When we reached home, our aunt said that we should leave the owl where we had taken it from. “Baby owl’s mother will be sad if it does not see its child.” she said, reaching for the owl. We withdrew our hands and said, “If you give it back to baby owl’s mother, we will be sad.” We succeeded in fighting her off for a long while, but it was a conflict that she won. She had always deliberately thwarted my wishes.
Once, rising onto my toes, I had asked her whether we could make Onion-Vadas without onions. She asked, “How do we make Onion-Vadas without onions?” She was cutting onions, and there were tears in my eyes. I did not like the taste of onions. When I stood there watching the swift movement of her fingers, I saw the mist through the window.
I was three years old then. She was still a teenager. I remember that she called me a book-worm. If the word helplessness has ever had any definite meaning to me, it meant waking up at midnight, insisting that I wanted to sleep with her. To me, happiness meant being allowed to sleep with her. Children take delight in such petty vices. My mother knew this. When I grew up, once, when I talked to my class teacher in baby class, she felt that even today, decades later, I speak the same way I spoke to her when I was three. Within us, there is a child that refuses to grow up.
When I insisted that I wanted to join her when she bathed, she raised her hand as if she were trying to smack me. She never did that, but I stared at her palms, hoping against hope that she did. I remember someone who was unapologetic about it. Later, I lay on the bed counting the marks of her fingers wondering whether it was all a dream, or whether it really happened.
But, it took me decades to understand what she meant when she said that we cannot make onion-vadas without using onions. Two decades later, I told many “editors” that it would be great if the newspapers and newsmagazines do not carry news at all. They disagreed, much to my chagrin. I do not know whether it bore any resemblance to what I once demanded of my aunt. In many important ways, we do not change. There is often a conflict between how things are, and how things ought to be. Deep down, I was always attached to my vision of how things ought to be. But, I was attached to it only because I relished it. Even today, when I write, it is not about what happened at the corner saloon, but about the fundamental principles of human nature. When authors cite me in 4011 AD, I do not want them to tell their readers that this is a Neanderthal philosophy.

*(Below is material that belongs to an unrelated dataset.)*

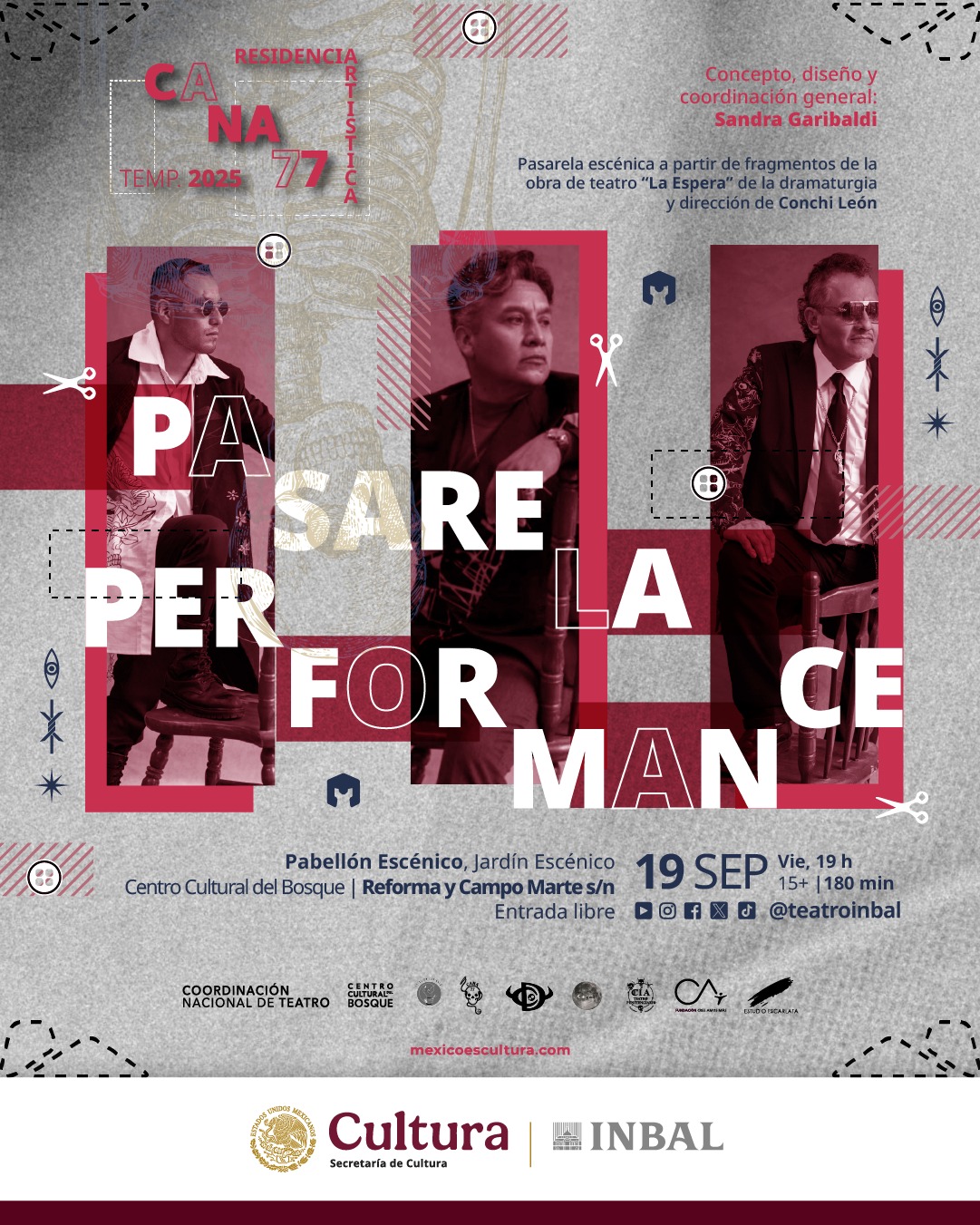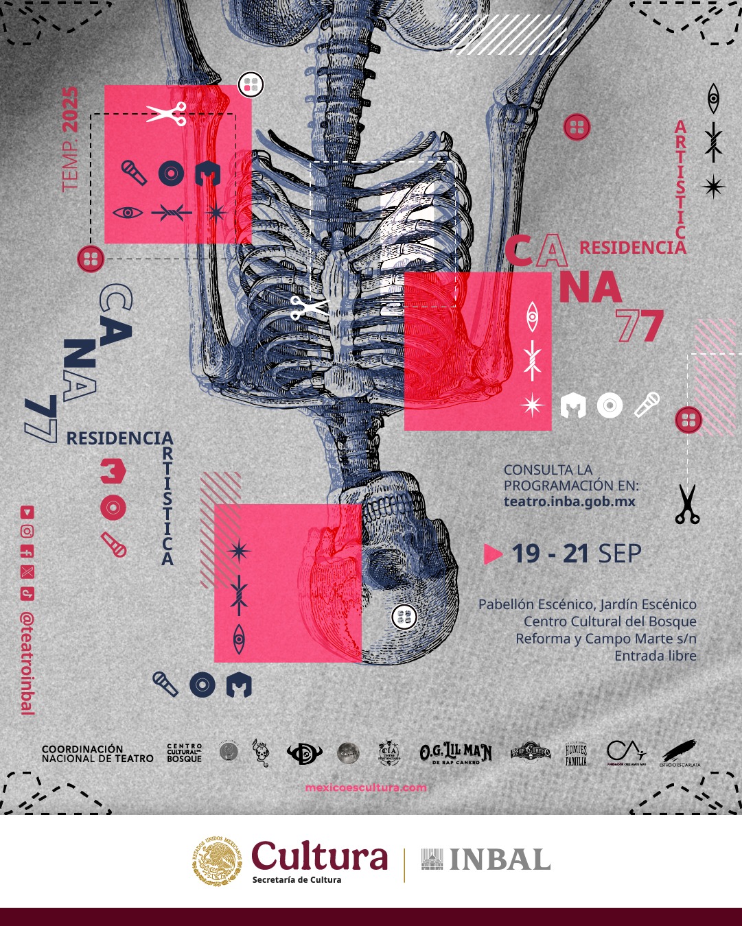 La Secretaría de Cultura del Gobierno de México y el Instituto Nacional de Bellas Artes y Literatura (INBAL), a través de la Coordinación Nacional de Teatro, en colaboración con Estación Garibaldi, Atelier de costura y diseño y el Taller de Serigrafía de la Compañía de Teatro Penitenciario “Calacas y Diablitos”, presentan Residencia Cana77, un proyecto de moda social bajo la coordinación general de Sandra Garibaldi, con la participación de Not Your Mamacitas y el Colectivo Arte Arma.

When I became aware of my own existence, I was lying on the bed holding the leg of my little brother, fearing that he might fall off the bed. My mother had asked me to watch over him while she bathed. As post-toddlers, we folded the bed to wrap each other, taking turns. The girls in the neighborhood took me to their houses to tell me how cute I was. In the afternoons, lying on the bed, I waited for my father to come back from college and read to me. In the night, I insisted that my mother lie near me till I fell asleep at Baby Standard Time. 9 O’ Clock. I was afraid of the dark.
I have always had scary dreams. When I was nineteen, in a dream, my mother spanked me for breaking the flower vase. I woke up, screaming. My mother came downstairs and asked, smiling: “Did you dream of being punished by me? Nothing happened. Sleep tight.” I never understood how she could sense it without my saying so. Women have such sharp intuitions. I had the same dream when I was seven years old. It was then I understood that deep down, I loved it. When I was a child, I often dreamt of rabbits. My mother said that it is because little children are innocent. I dreamt of snakes too. A girl in college said that it was because I was horny. I am not sure I agree with her, because those dreams were really scary.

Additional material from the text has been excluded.